While ADV 101 is moving along the route, ADS 110 may also obtain real-time traffic information from a traffic information system or server (TIS). Note that servers 103-104 may be operated by a third party entity. Alternatively, the functionalities of servers 103-104 may be integrated with ADS 110. Based on the real-time traffic information, MPOI information, and location information, as well as real-time local environment data detected or sensed by sensor system 115 (e.g., obstacles, objects, nearby vehicles), ADS 110 can plan an optimal route and drive vehicle 101, for example, via control system 111, according to the planned route to reach the specified destination safely and efficiently.
Some or all of modules 301-307 may be implemented in software, hardware, or a combination thereof. For example, these modules may be installed in persistent storage device 352, loaded into memory 351, and executed by one or more processors (not shown). Note that some or all of these modules may be communicatively coupled to or integrated with some or all modules of vehicle control system 111 of
Localization module 301 determines a current location of ADV 300 (e.g., leveraging GPS unit 212) and manages any data related to a trip or route of a user. Localization module 301 (also referred to as a map and route module) manages any data related to a trip or route of a user. A user may log in and specify a starting location and a destination of a trip, for example, via a user interface. Localization module 301 communicates with other components of ADV 300, such as map and route data 311, to obtain the trip related data. For example, localization module 301 may obtain location and route data from a location server and a map and POI (MPOI) server. A location server provides location services and an MPOI server provides map services and the POIs of certain locations, which may be cached as part of map and route data 311. While ADV 300 is moving along the route, localization module 301 may also obtain real-time traffic information from a traffic information system or server.
Based on the sensor data provided by sensor system 115 and localization information obtained by localization module 301, a perception of the surrounding environment is determined by perception module 302. The perception information may represent what an ordinary driver would perceive surrounding a vehicle in which the driver is driving. The perception can include the lane configuration, traffic light signals, a relative position of another vehicle, a pedestrian, a building, crosswalk, or other traffic related signs (e.g., stop signs, yield signs), etc., for example, in a form of an object. The lane configuration includes information describing a lane or lanes, such as, for example, a shape of the lane (e.g., straight or curvature), a width of the lane, how many lanes in a road, one-way or two-way lane, merging or splitting lanes, exiting lane, etc.

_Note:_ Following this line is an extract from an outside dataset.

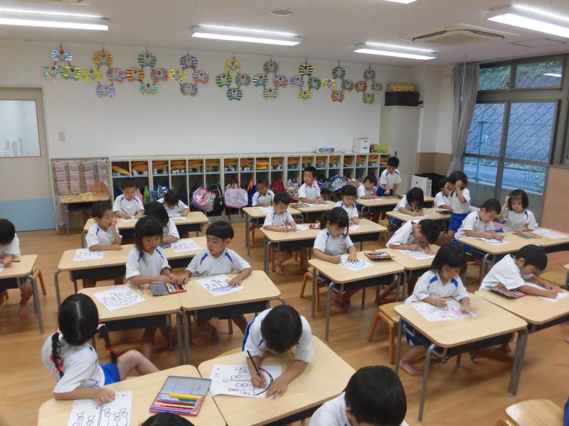そして雨が上がりますように・・・と、てるてる坊主のぬりえをしました。飾るとお部屋がとってもカラフルに♡雨でじめじめしますが、なんだか子供達の力でお部屋がハッピーになりました。子供達の想い空まで届きますように・・・ 清水
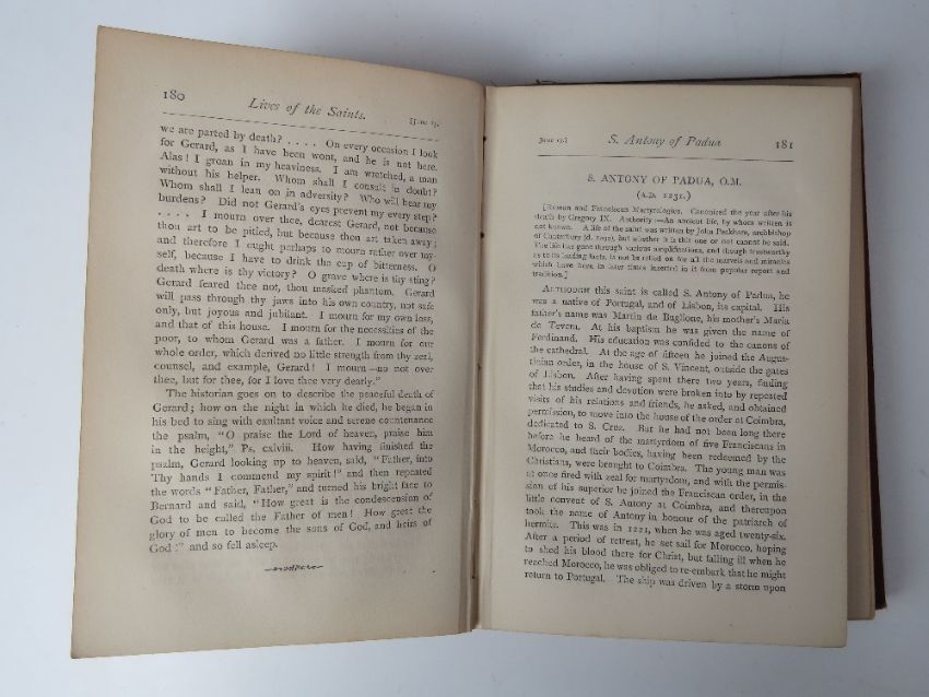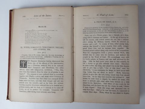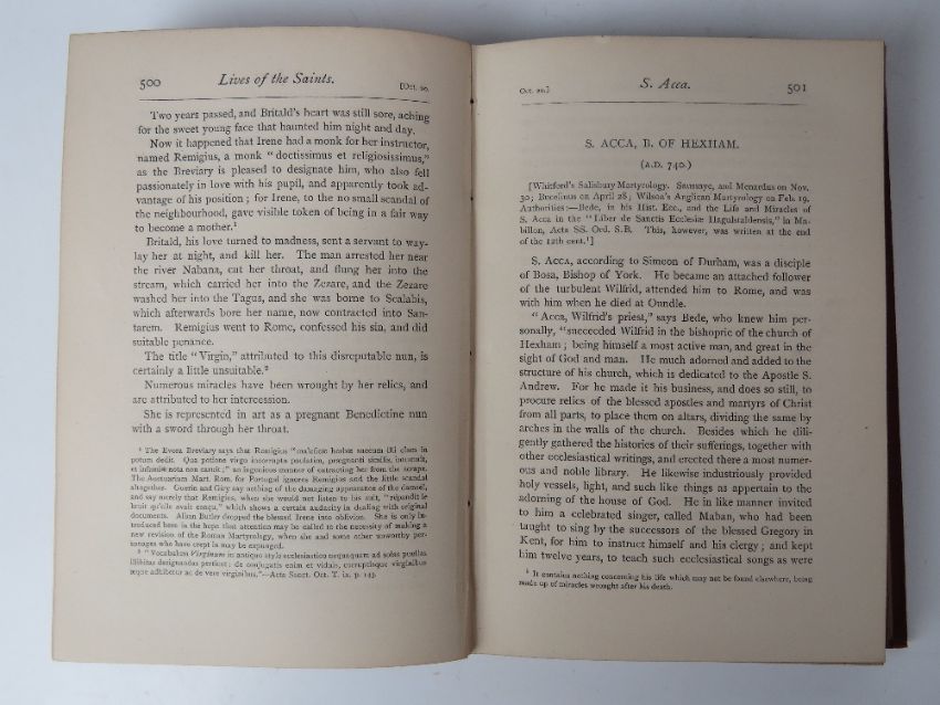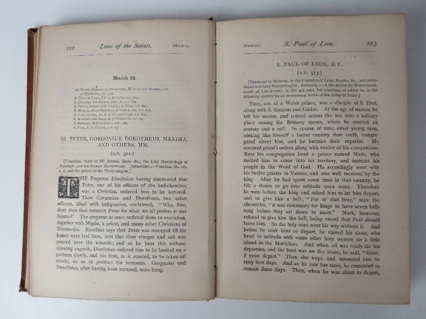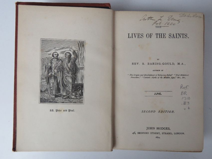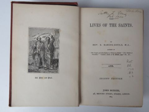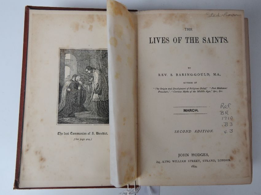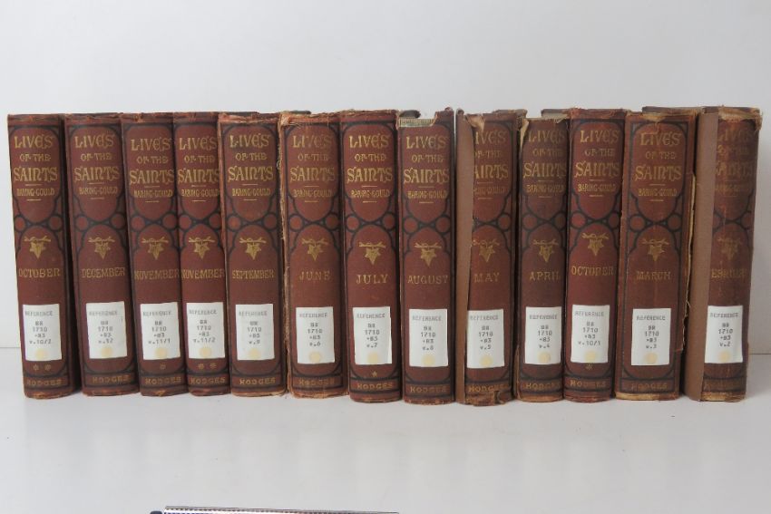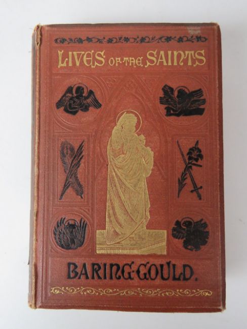 Books; Lives of the Saints by Rev S Baring-Gould. Cloth full bound and embossed gilded. Published by John Hodges Strand London 1877. In thirteen volumes. a/f. Ex-Libris Cathedral and Abbey of St Alban.

Perception module 302 may include a computer vision system or functionalities of a computer vision system to process and analyze images captured by one or more cameras in order to identify objects and/or features in the environment of the ADV. The objects can include traffic signals, roadway boundaries, other vehicles, pedestrians, and/or obstacles, etc. The computer vision system may use an object recognition algorithm, video tracking, and other computer vision techniques. In some embodiments, the computer vision system can map an environment, track objects, and estimate the speed of objects, etc. Perception module 302 can also detect objects based on other sensors data provided by other sensors such as a radar and/or LIDAR.
For each of the objects, prediction module 303 predicts what the object will behave under the circumstances. The prediction is performed based on the perception data perceiving the driving environment at the point in time in view of a set of map/route information 311 and traffic rules 312. For example, if the object is a vehicle at an opposing direction and the current driving environment includes an intersection, prediction module 303 will predict whether the vehicle will likely move straight forward or make a turn. If the perception data indicates that the intersection has no traffic light, prediction module 303 may predict that the vehicle may have to fully stop prior to enter the intersection. If the perception data indicates that the vehicle is currently at a left-turn only lane or a right-turn only lane, prediction module 303 may predict that the vehicle will more likely make a left turn or right turn respectively.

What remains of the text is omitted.